Nowadays, undergraduate degrees have clearly “depreciated,” and the number of graduate students is increasing rapidly. Yet even so, many people still find it difficult to obtain ideal jobs after graduating with a master’s degree. On one side, over ten million graduates continue to flood into the job market every year; on the other side, a large number of enterprises are shrinking recruitment, cutting salaries, and laying off staff.

Many positions even exhibit an obvious phenomenon of “credential inflation”: jobs that undergraduates could handle in the past now require a master’s degree; positions that junior college students could hold in the past now require a bachelor’s degree. The real problem lies in the fact that while high-level talent is increasing, high-quality positions have not increased synchronously.

At the same time, the Chinese workplace has long suffered from a widely criticized issue—the “35-year-old threshold.” Many companies default to the belief that employees over 35 have “high costs, are difficult to manage, and have a declining ability to work overtime.” Consequently, a large number of middle-aged workers face layoffs and employment discrimination at the very age when they most need a stable income.

This means that many young people not only find it difficult to get jobs now, but can even see their future in advance: studying desperately, working desperately, and yet still potentially being marginalized by the workplace after the age of 35.

Therefore, when more and more people begin to “lie flat” (tang ping), the issue is no longer just a personal choice, but a decline in the entire society’s confidence in the future.

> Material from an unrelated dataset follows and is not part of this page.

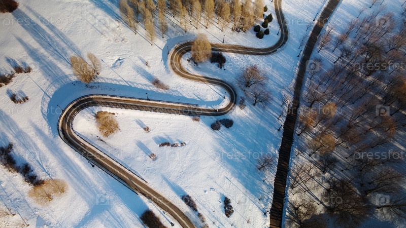 Извилистая велосипедная дорожка в городском парке. Городской парк зимой. Снег лежит на земле. Аэрофотосъемка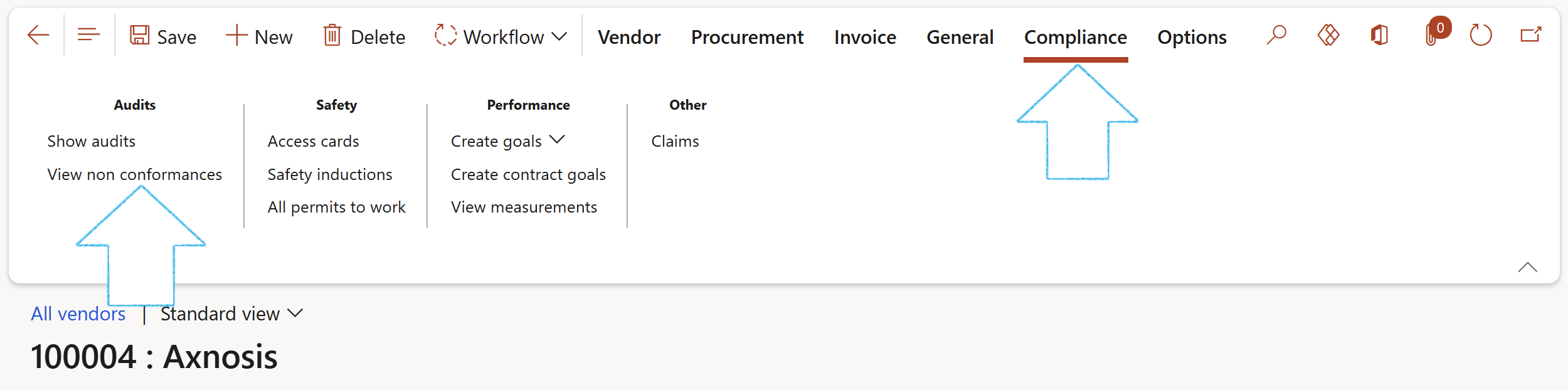 In the Action pane, open the Compliance tab and click on the View non conformances button in the Performance Audits group

What young people truly fear has never been “eating bitterness” (enduring hardship), but rather: having eaten bitterness for a lifetime, yet still being unable to obtain stability, dignity, and hope.

If a society causes young people to see no return over the long term, then education anxiety, employment anxiety, declining birth rates, and “lying flat culture” will all continue to expand. Because when “effort” can no longer change one’s destiny, people will naturally begin to wonder: what is the meaning of all this after all.